あの夏彼は……〇〇〇〇〇に泣いた。
高校球児にとって甲子園とは、憧れであり、目指すべき目標だ。
球児は誰もが恋願う乙女のように瞳を輝かせ、憧憬の対象である甲子園の舞台に立つことを夢に見る。
汗水たらし、血へド吐く思いをしながら練習に打ち込み、試合で成果を出すために、誰もが仲間と切磋琢磨して己に磨きをかける。
頭は丸坊主、その身を包む服は泥だらけ、野獣のような咆哮を上げて試合に望む。

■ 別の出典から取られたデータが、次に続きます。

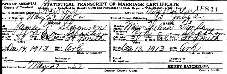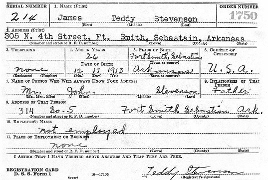 James Teddy Stevenson was born Decenber 17, 1913 in Fort Smith, Sebastian Co., Ar. to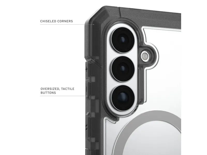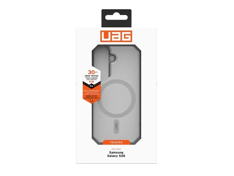 Built for everyday protection with a rugged refined design the Urban Armor Gear Trooper case keeps your Samsung S26 secure without adding unnecessary bulk. It combines durable materials dependable drop protection and magnetic compatibility in a case designed for confident daily use.Magnetic case compatible with magnetic charging and accessoriesMulti-layer construction for reliable everyday protectionRugged outer shell with enhanced grip for secure handlingResponsive button covers and precise cutouts for easy accessTested drop protection for added confidence on the moveMagnetic case compatible with magnetic charging and accessories The built-in magnetic module makes the case easy to use with magnetic chargers and a wide range of compatible accessories. It is designed to support convenient wireless charging while keeping the case slim practical and ready for daily use. Multi-layer construction for reliable everyday protection The case is built with multiple protective layers that work together to help shield your phone from drops bumps and daily wear. This construction improves shock absorption and adds structure helping protect your Samsung S26 in demanding environments as well as everyday situations. Rugged outer shell with enhanced grip for secure handling A durable exterior helps protect against scratches and impact while the textured grip makes the phone feel more secure in your hand. Whether you are commuting travelling or using your phone on the go the added grip helps reduce slips and improves everyday handling. Responsive button covers and precise cutouts for easy access The case is designed for a precise fit with tactile button covers that provide a clear and responsive press. Accurate cutouts ensure easy access to ports speakers and essential phone functions so protection does not come at the cost of convenience. Tested drop protection for added confidence on the move Built to handle real-world use the case is tested to provide strong drop protection for your device. It is made for users who want dependable protection in a slim functional form giving you added peace of mind throughout the day. Package includes1 x Urban Armor Gear Samsung S26 Trooper with Magnetic Case - Clear/AshProduct specificationsBrand: Urban Armor GearProduct name: Samsung S26 Trooper with Magnetic Case - Clear/AshColour: Clear/AshCompatibility: Samsung Galaxy S26Magnetic module: YesWireless charging compatibility: YesProtection type: Multi-layer rugged protectionGrip: Textured anti-slip gripButton design: Oversized tactile button covers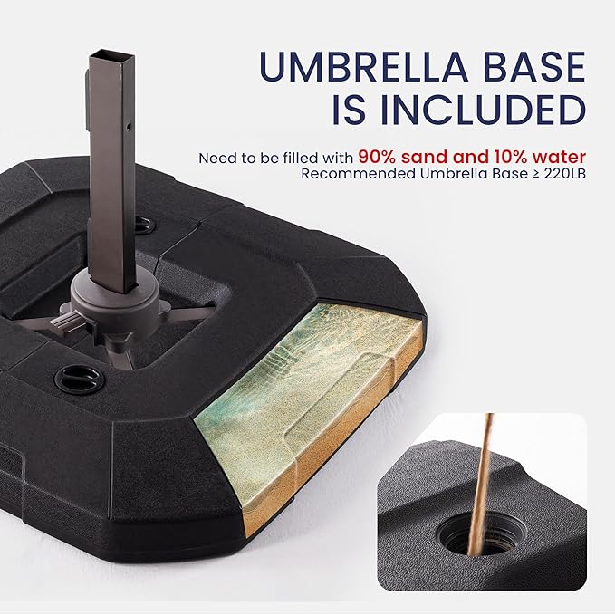 - Patio Umbrella with Base Included: The base needs to be filled with 90% sand and 10% water, the total weight is up to 220 lbs with fully filled; Base and umbrella will be shipped in two packages from different warehouses; So they will not arrive at the same time

そのことを男臭い、時代錯誤、という人もいるが、野球とは……いや、高校野球とは、日出ずる国日本が誇るべき伝統であり、愛すべき存在である。
夢破れた者達はその思いを託し、夢に一歩近づいた者達は対戦相手の思いを重ね、自分達の活力とする。
各県の頂きに登り詰めた者達の死闘。
疲労を物ともしない屈強な精神。
我武者羅野球を極めし者達。
甲子園とは野球の枠を越えた――男達の戦いなのだ。
そして今ここに、その甲子園、決勝の舞台に立つ投手がいる。
9回裏、2アウト満塁、カウント3ボール2ストライク、3対3の同点である場面で緊急リリーフをすることになったその投手は――とてつもなく緊張していた。腕は震え、足は震え……まるで生まれたての小鹿のように、全身をびくびくと小刻みに震わせていた。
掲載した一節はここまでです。